2013 is the year of the Snake in China, specifically the Water Snake. According to BILL HAJDU over at Astrology.com:

“Snake is the Yin to last year’s Dragon Yang. That said, Snake does not settle for mediocrity, either. We’re likely to see significant developments in the area of science and technology this year. Research and development are apt to flourish. his is a Water year as well, the element most closely associated with education and research, making 2013 a very special year for scientists and scholars.”

Lucky me, this year I’m working on research in several different related areas. Good to know the universe is with me in this. Should make things easier.

But wait! Wizzley.com has a different story:

“The Mayans got it wrong. It wasn’t 2012 that was going to be a year of disaster but the year of the water snake. Snake years aren’t the best in the calendar for most; and it’s definitely the year lucky charms are going to be a must. Some zodiac animals will navigate the water snake year more smoothly than others. For most it’s going to be a very slow moving year with unexpected obstacles surfacing at the most inopportune moments.”

Oh those silly Mayans, they can’t get anything right. Apparently neither can the Chinese. Or maybe it’s just the people trying to predict the future biased on fables, who knows. Either way, we’re going to accept the first set of predictions, they’re much more friendly, and look at what Archyfantasies has coming up for real.

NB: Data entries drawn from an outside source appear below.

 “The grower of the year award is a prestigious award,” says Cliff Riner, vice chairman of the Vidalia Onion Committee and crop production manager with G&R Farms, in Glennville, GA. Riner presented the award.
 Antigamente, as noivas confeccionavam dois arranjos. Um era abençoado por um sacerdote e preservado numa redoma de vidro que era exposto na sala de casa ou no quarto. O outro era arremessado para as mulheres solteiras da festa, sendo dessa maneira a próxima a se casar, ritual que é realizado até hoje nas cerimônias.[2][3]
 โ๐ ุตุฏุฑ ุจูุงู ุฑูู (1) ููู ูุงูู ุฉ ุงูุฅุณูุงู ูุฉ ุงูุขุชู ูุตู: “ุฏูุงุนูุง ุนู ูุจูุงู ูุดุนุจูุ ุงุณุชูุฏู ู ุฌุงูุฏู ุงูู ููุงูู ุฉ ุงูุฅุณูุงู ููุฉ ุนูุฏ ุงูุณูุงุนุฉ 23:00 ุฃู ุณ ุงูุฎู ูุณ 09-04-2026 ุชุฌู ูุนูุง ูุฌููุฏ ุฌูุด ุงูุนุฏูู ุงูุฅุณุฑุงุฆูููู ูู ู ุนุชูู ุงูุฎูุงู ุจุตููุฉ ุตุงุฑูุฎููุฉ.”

Look to the year to be filled with a variety of different posts. On top of my random Tales of Grad-School, we’re going to enjoy a more regular posting scheduled filled with more fun debunking of pseudo-archaeology. Next week we’ll have the first in our new series “Columbus was Second-ish: Who Discovered America Anyway?“. In it we’ll be going over the various claims from different cultures about who really got to this rock first. Was it the Vikings? The Chinese? The Polynesians? Aliens? (I’m pulling for the Vikings!) The real winner might surprise you.

We’re also going to flesh out the Women in Archaeology category, focusing the first part of the year on Mothers of the Field. I had a lot of great responses to the Mary Anning post I did last year, and I really want to build on that. Sometimes it’s hard to find information about the early mothers, but even if it’s just a paragraph, it’s worth the effort to illuminate the sometimes hidden contributions of women in the field of archaeology.

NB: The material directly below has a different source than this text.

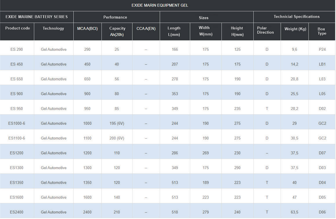 Exide's EQUIPMENT GEL battery series is designed for boats and caravans with special battery packs for navigation, emergencies, safety and comfort. Batteries are partially or completely discharged during use. The special design of EQUIPMENT GEL, combined with a good charging procedure, ensures reliable performance and excellent service life. EQUIPMENT GEL series has a performance of 290-2400Wh. Covering all your equipment supply needs, from small electronics to emergency power.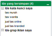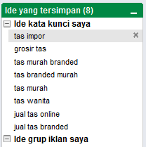• Dari gambar di atas anda bisa melihat saya menandai dengan dua kolom biru dan merah. Biru memperlihatkan variasi dari kata “jual tas”, sedangkan merah memperlihatkan kata kunci lain yang harus kita coba.

New-ish this year is the Weekly Round Ups. I read a lot during the week, and some of it is pretty interesting, so I thought I’d share. I really started this in December, but there’s not reason not to continue it. You can also send me your favorite articles, I like sharing!

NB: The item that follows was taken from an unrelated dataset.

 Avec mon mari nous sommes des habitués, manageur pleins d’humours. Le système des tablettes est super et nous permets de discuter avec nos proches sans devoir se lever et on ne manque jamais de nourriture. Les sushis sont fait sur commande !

The really new stuff is going to happen over at the ArchyFantasies YouTube Channel. I’ve been unhappy with the format of the channel for a long time now, so I’ve sat down a re-thought about it and I’ve come up with some great ideas. We’re going to keep our usual videos that cover our Weird Archaeology and current series, and I’m adding videos about the Women in Archaeology series.

One of the new shows we’re planning is Experiments in Archaeology. Fun little experiments that break down archaeological concepts into understandable pieces for people. I may even have a few special guests over the year. I’m pretty excited about this, on top of being fun I think they will be very informational.

Lastly, We’re rolling out a Q&A video twice a month. If you’ve got a question about pseudoarchaeology or pseudoscience, send it to me at archyfantaises@gmail.com and I’ll do my best to answer them. You might even spark a new Weird Archaeology video/post.

So with that, I hope the year of the Water Snake is more like Bill’s prediction for you, and if not, maybe you just need to get your chakras balanced…or something like that.